*Source material*:
Content starts
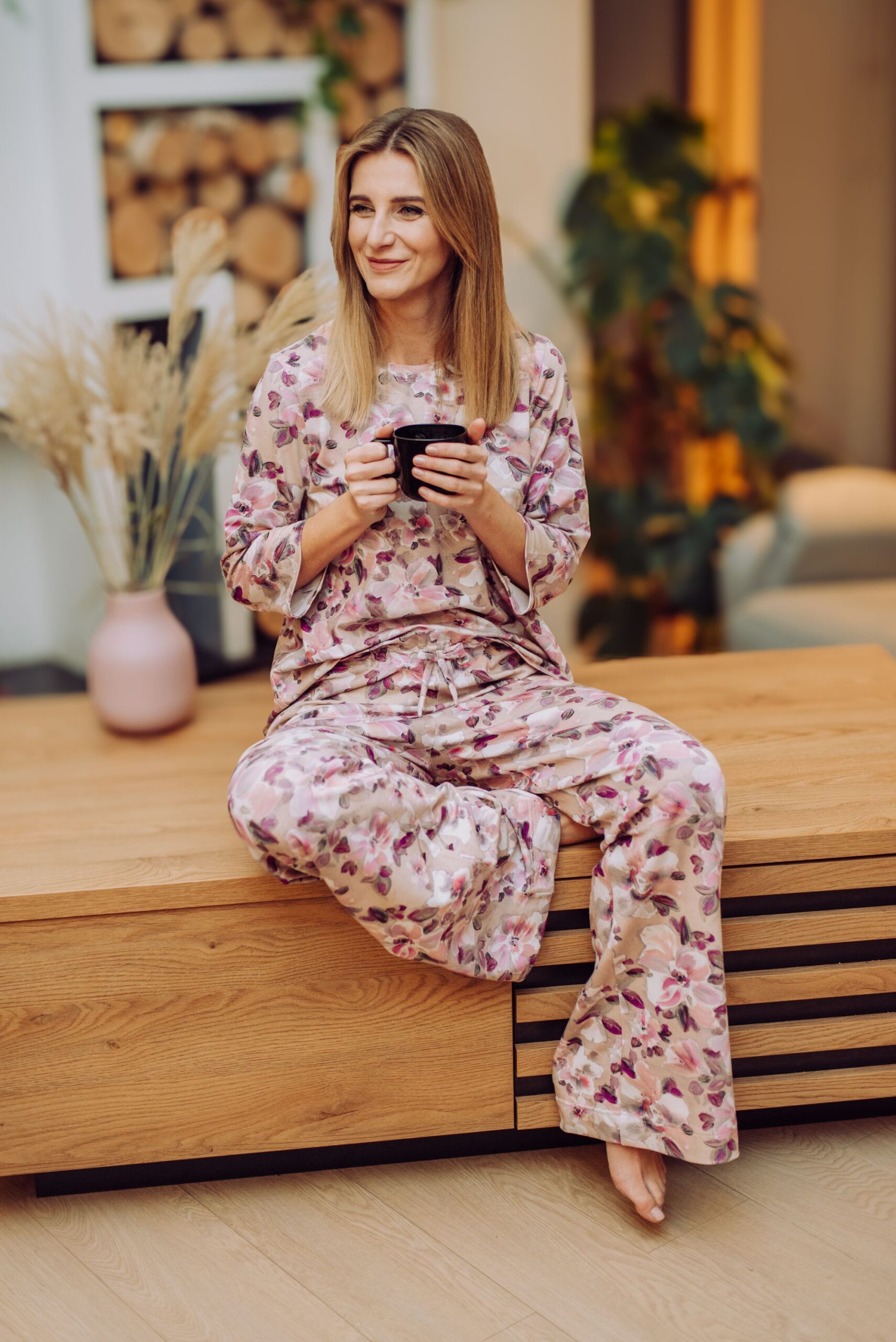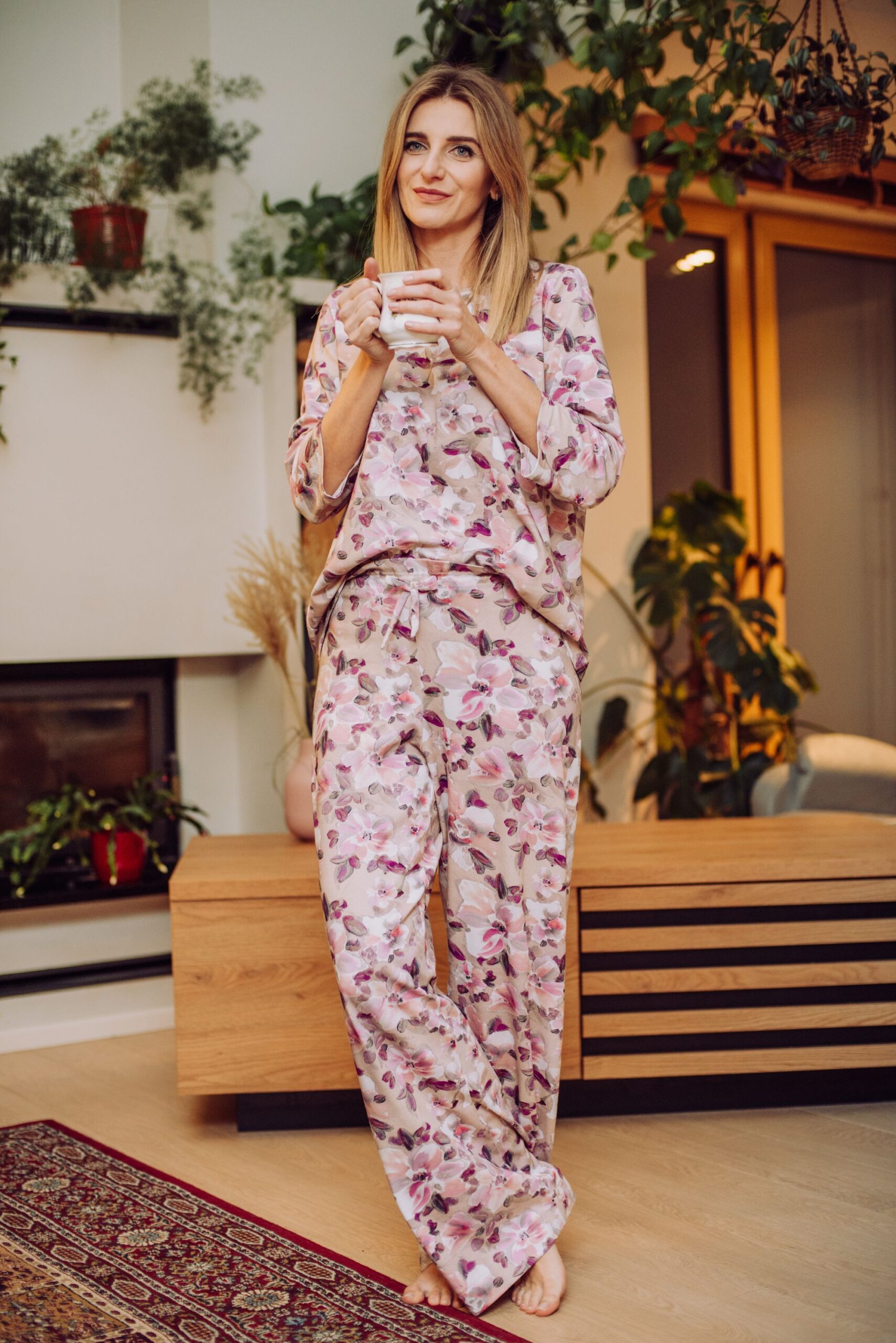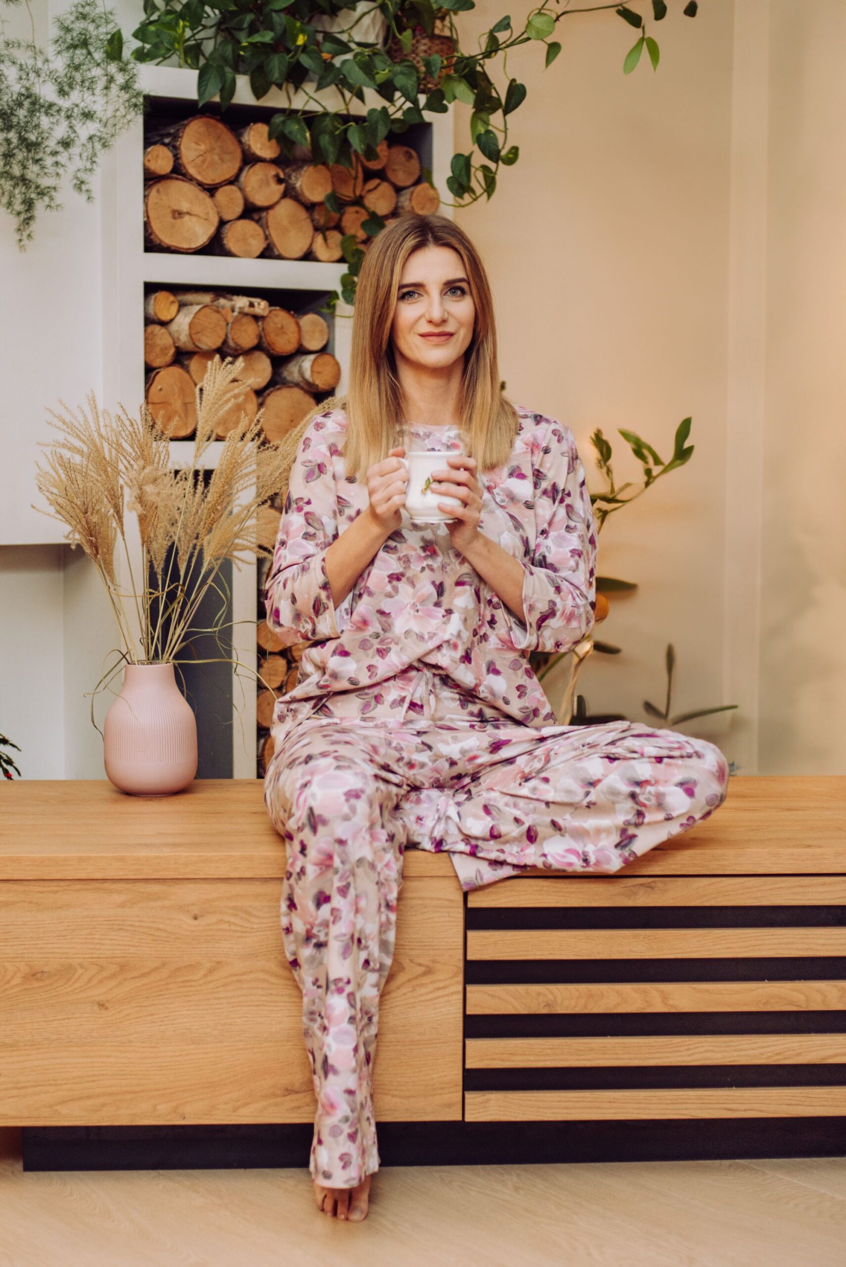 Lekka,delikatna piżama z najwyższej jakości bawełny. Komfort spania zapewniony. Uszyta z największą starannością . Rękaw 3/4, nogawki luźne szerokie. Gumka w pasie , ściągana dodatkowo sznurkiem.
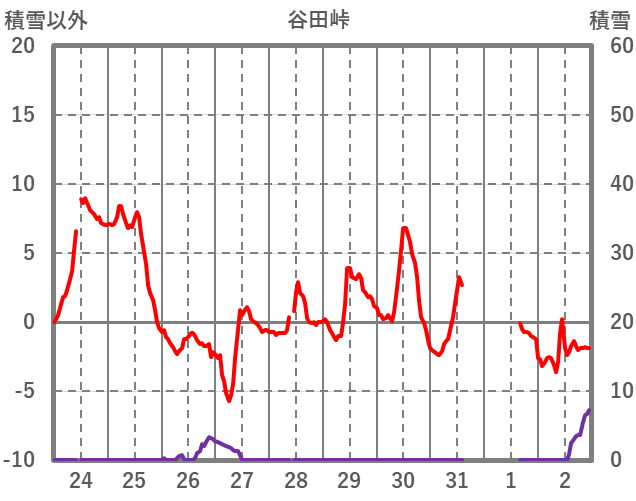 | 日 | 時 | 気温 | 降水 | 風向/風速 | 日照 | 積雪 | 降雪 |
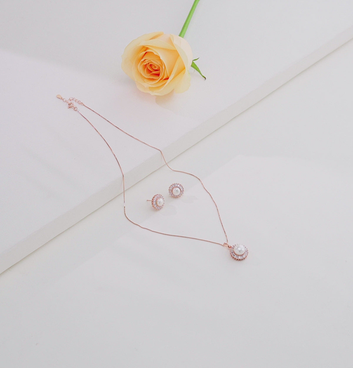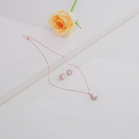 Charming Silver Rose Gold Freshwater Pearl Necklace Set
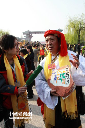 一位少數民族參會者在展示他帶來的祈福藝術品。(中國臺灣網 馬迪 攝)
Content ends
*Directions for this task*:
With pictures omitted, copy exactly the lines from the one containing "Charming Silver Rose" through the final line of the listing, both included.

*Answer to this task*:
 Charming Silver Rose Gold Freshwater Pearl Necklace Set
 一位少數民族參會者在展示他帶來的祈福藝術品。(中國臺灣網 馬迪 攝)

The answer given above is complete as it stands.